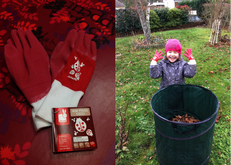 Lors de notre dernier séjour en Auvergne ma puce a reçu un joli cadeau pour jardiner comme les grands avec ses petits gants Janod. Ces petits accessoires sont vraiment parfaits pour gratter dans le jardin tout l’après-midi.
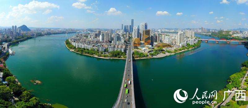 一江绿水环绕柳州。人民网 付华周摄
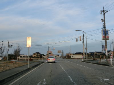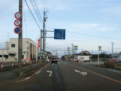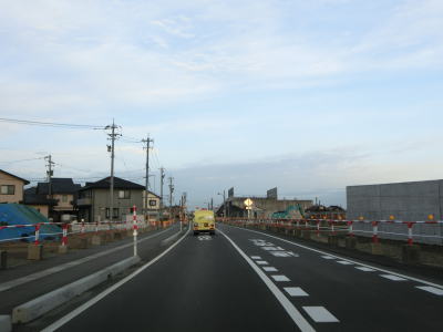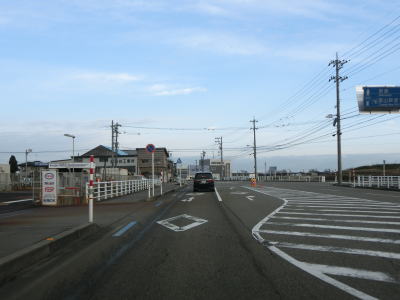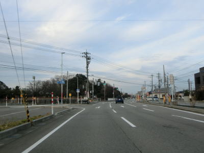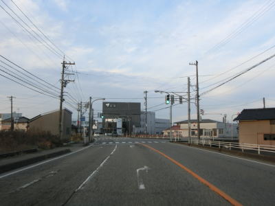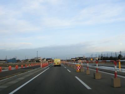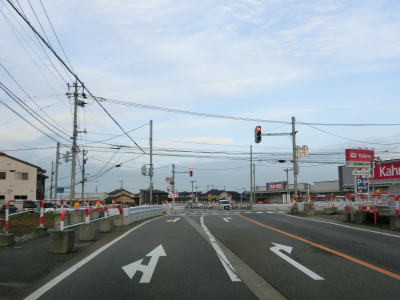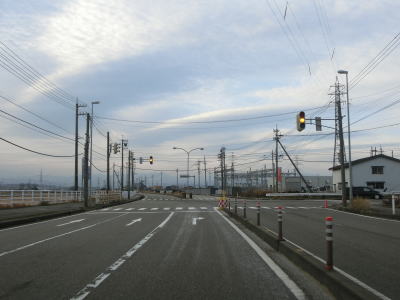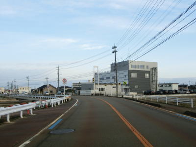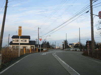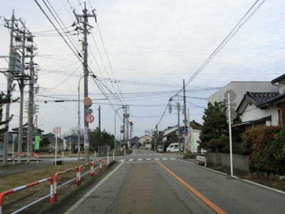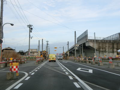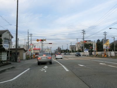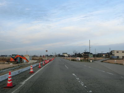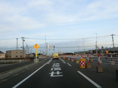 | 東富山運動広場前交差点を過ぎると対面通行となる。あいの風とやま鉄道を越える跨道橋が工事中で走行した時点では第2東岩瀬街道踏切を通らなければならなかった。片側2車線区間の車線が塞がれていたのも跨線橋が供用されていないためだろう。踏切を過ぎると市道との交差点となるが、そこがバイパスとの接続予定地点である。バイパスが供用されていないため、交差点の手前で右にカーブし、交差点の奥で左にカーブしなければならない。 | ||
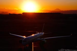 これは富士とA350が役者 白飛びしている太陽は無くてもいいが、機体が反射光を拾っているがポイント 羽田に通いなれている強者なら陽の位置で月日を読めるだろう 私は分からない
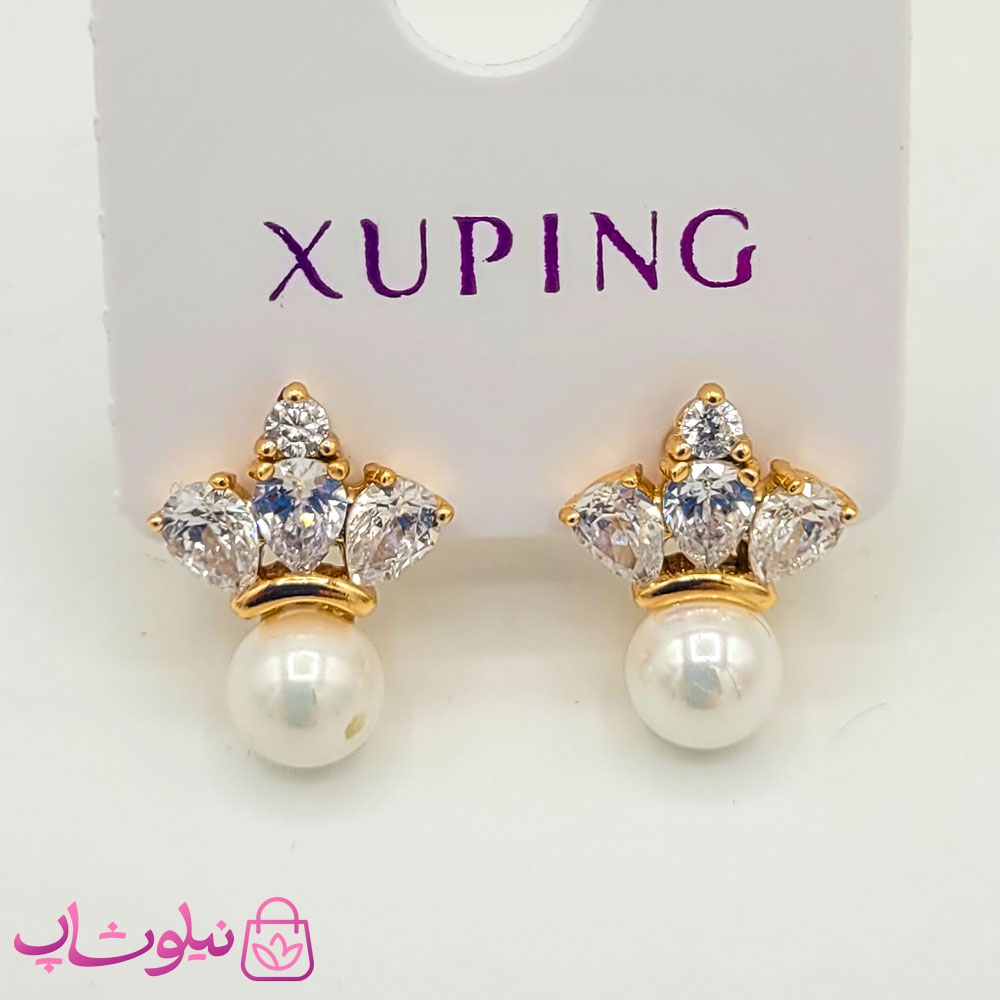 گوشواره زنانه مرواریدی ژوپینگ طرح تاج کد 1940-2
==================================================
• [Instructions to follow]: An exact transcription of the material is required, without any pictures.

• [Finished task]:
 Lors de notre dernier séjour en Auvergne ma puce a reçu un joli cadeau pour jardiner comme les grands avec ses petits gants Janod. Ces petits accessoires sont vraiment parfaits pour gratter dans le jardin tout l’après-midi.
 一江绿水环绕柳州。人民网 付华周摄
 | 東富山運動広場前交差点を過ぎると対面通行となる。あいの風とやま鉄道を越える跨道橋が工事中で走行した時点では第2東岩瀬街道踏切を通らなければならなかった。片側2車線区間の車線が塞がれていたのも跨線橋が供用されていないためだろう。踏切を過ぎると市道との交差点となるが、そこがバイパスとの接続予定地点である。バイパスが供用されていないため、交差点の手前で右にカーブし、交差点の奥で左にカーブしなければならない。 | ||
 これは富士とA350が役者 白飛びしている太陽は無くてもいいが、機体が反射光を拾っているがポイント 羽田に通いなれている強者なら陽の位置で月日を読めるだろう 私は分からない
 گوشواره زنانه مرواریدی ژوپینگ طرح تاج کد 1940-2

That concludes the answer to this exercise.